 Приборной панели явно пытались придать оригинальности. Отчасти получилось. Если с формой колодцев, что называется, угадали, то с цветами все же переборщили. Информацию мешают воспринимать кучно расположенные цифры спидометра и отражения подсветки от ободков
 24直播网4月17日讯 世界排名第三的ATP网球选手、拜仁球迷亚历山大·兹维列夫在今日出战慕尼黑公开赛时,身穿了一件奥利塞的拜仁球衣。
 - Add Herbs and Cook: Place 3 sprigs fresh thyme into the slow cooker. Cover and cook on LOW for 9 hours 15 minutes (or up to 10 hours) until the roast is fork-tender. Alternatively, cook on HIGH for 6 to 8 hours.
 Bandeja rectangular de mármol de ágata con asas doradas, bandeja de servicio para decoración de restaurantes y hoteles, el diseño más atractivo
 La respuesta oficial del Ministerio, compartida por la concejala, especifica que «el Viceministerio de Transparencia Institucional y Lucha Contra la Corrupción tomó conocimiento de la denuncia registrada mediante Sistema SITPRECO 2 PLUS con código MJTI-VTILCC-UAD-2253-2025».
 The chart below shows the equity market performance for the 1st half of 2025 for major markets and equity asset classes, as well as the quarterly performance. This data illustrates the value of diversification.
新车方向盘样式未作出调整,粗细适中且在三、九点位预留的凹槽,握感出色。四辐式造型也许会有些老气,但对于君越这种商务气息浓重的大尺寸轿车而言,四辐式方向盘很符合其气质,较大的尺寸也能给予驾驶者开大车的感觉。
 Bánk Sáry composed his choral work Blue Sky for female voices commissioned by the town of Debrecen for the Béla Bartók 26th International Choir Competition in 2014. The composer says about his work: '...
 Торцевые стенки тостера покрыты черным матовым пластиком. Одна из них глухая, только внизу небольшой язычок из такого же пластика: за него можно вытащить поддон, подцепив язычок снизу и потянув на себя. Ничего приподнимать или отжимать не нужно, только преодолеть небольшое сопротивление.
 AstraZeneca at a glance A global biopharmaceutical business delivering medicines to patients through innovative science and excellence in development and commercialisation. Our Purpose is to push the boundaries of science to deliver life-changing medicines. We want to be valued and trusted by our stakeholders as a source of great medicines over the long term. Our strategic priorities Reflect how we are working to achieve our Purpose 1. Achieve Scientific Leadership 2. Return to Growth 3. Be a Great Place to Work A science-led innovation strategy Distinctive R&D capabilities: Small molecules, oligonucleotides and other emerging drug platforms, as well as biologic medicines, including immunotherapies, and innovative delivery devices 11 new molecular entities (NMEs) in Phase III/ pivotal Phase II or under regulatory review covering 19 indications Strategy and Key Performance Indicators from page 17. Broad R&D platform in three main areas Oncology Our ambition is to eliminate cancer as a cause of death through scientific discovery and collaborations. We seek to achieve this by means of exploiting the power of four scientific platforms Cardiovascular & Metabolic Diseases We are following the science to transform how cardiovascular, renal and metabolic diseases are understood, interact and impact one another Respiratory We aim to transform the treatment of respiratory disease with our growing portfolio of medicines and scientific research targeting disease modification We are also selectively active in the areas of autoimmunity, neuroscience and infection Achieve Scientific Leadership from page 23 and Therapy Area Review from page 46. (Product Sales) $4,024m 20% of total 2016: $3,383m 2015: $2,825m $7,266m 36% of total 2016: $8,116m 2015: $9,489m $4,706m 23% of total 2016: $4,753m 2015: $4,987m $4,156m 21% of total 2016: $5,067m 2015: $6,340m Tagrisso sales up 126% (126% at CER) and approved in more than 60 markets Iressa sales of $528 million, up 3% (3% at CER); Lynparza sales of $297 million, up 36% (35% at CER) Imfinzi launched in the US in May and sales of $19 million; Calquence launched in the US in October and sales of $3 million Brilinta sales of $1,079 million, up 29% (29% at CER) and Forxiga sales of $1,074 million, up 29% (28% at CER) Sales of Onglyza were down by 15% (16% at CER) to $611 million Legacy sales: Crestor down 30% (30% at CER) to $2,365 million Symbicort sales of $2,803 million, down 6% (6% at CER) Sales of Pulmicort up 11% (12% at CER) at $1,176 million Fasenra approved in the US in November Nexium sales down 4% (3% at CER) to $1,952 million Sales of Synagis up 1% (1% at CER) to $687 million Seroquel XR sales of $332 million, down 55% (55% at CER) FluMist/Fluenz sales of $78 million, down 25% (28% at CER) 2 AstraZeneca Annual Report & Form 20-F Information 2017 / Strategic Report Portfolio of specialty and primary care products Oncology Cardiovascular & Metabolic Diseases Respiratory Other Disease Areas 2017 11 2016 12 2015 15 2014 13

====

§ **Aim of the task**: Output exactly the lines of the material above from the one containing "24直播网4月17日讯 世界" up to and including the one containing "Bánk Sáry composed".

§ **Written solution**:
 24直播网4月17日讯 世界排名第三的ATP网球选手、拜仁球迷亚历山大·兹维列夫在今日出战慕尼黑公开赛时,身穿了一件奥利塞的拜仁球衣。
 - Add Herbs and Cook: Place 3 sprigs fresh thyme into the slow cooker. Cover and cook on LOW for 9 hours 15 minutes (or up to 10 hours) until the roast is fork-tender. Alternatively, cook on HIGH for 6 to 8 hours.
 Bandeja rectangular de mármol de ágata con asas doradas, bandeja de servicio para decoración de restaurantes y hoteles, el diseño más atractivo
 La respuesta oficial del Ministerio, compartida por la concejala, especifica que «el Viceministerio de Transparencia Institucional y Lucha Contra la Corrupción tomó conocimiento de la denuncia registrada mediante Sistema SITPRECO 2 PLUS con código MJTI-VTILCC-UAD-2253-2025».
 The chart below shows the equity market performance for the 1st half of 2025 for major markets and equity asset classes, as well as the quarterly performance. This data illustrates the value of diversification.
新车方向盘样式未作出调整,粗细适中且在三、九点位预留的凹槽,握感出色。四辐式造型也许会有些老气,但对于君越这种商务气息浓重的大尺寸轿车而言,四辐式方向盘很符合其气质,较大的尺寸也能给予驾驶者开大车的感觉。
 Bánk Sáry composed his choral work Blue Sky for female voices commissioned by the town of Debrecen for the Béla Bartók 26th International Choir Competition in 2014. The composer says about his work: '...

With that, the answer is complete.